Our study aimed to elucidate the immunologic mechanisms employed by tea plants to combat gray blight disease, specifically focusing on the immunologic mechanisms revealed by comparing the differential gene expression during the process of P. theae infection through transcriptomic analysis in both resistant and susceptible tea cultivars. Key pathways, such as secondary metabolism and photosynthesis, emerged as crucial during P. theae infection in both types of cultivars. Moreover, distinctive expression patterns were observed in plant hormone signal transduction pathways and flavonoid biosynthesis, with the former being specifically expressed in susceptible tea cultivars and the latter in resistant tea cultivars. These findings significantly contribute to our understanding of the intricate interplay between P. theae and the tea plant, providing a foundation for future research aimed at enhancing disease resistance and overall crop health. The identified pathways and genes represent potent targets for further investigation, ultimately supporting the development of strategies to mitigate the impact of gray blight disease in tea cultivation.

5. Conclusions

Our transcriptome analysis revealed significant differences in gene expression between resistant (Yingshuang) and susceptible (Longjing 43) tea cultivars following gray blight infection. We identified genes associated with secondary metabolism, photosynthesis, oxidative phosphorylation, and ribosome pathways that were up-regulated in response to the disease. Additionally, distinct expression patterns of genes involved in plant hormone signal transduction and flavonoid biosynthesis were observed in resistant and susceptible cultivars. These findings deepen our understanding of tea plant immunity against gray blight disease and provide insights into potential strategies for disease management and crop improvement in tea cultivation.

Supplementary Materials

The following supporting information can be downloaded at https://www.mdpi.com/article/10.3390/agronomy14030565/s1: Figure S1: Kyoto Encyclopedia of Genes and Genomes (KEGG) enrichment analysis of all differentially expressed genes (DEGs) in the resistant tea cultivar inoculated with Pestealotia theae at 8 h post-inoculation (hpi). Table S1: Differentially expressed genes identified in the resistant tea cultivar inoculated with Pestealotia theae at 8 h post-inoculation. Table S2: Differentially expressed genes identified in the resistant tea cultivar inoculated with Pestealotia theae at 24 h post-inoculation. Table S3: Differentially expressed genes identified in the resistant tea cultivar inoculated with Pestealotia theae at 72 h post-inoculation. Table S4: Differentially expressed genes identified in the susceptible tea cultivar inoculated with Pestealotia theae at 8 h post-inoculation. Table S5: Differentially expressed genes identified in the susceptible tea cultivar inoculated with Pestealotia theae at 24 h post-inoculation. Table S6: Differentially expressed genes identified in the susceptible tea cultivar inoculated with Pestealotia theae at 72 h post-inoculation.
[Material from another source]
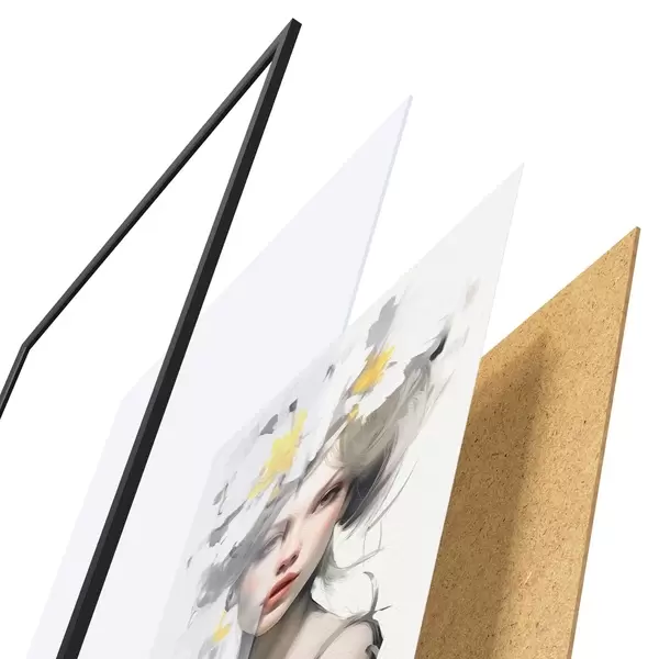 Le poster se compose d'un cadre, d'un plexiglas, d'une image imprimée et d'un support en aggloméré. Le poster peut être immédiatement accroché au mur grâce aux fixations au dos.

Table S7: Comparison of differentially expressed genes in the resistant and susceptible tea cultivars inoculated with Pestealotia theae at 8 h post-inoculation. Table S8: Comparison of differentially expressed genes in the resistant and susceptible tea cultivars inoculated with Pestealotia theae at 24 h post-inoculation. Table S9: Comparison of differentially expressed genes in the resistant and susceptible tea cultivars inoculated with Pestealotia theae at 72 h post-inoculation.

Author Contributions

Conceptualization, R.T.; methodology, X.C. and H.W.; software, X.C. and H.W.; validation, D.H.; formal analysis, R.T.; investigation, X.C. and H.W.; resources, H.W.; data curation, L.J. and D.H.; writing—original draft preparation, R.T.; writing—review and editing, L.J. and Y.M.; visualization, D.H.; supervision, L.J. and Y.M.; project administration, Y.M.; funding acquisition, Y.M. All authors have read and agreed to the published version of the manuscript.

Funding

This work was supported by the National Key Research and Development Program of China (2021YFD1601100), the China Agriculture Research System of MOF and MARA (CARS-19), and the Innovation Center Fund for Agricultural Science and Technology in Hubei Province of China (2023-620-005-001).

Data Availability Statement

The original contributions presented in the study are included in the article/Supplementary Material, further inquiries can be directed to the corresponding author.

Conflicts of Interest

The authors declare no conflicts of interest.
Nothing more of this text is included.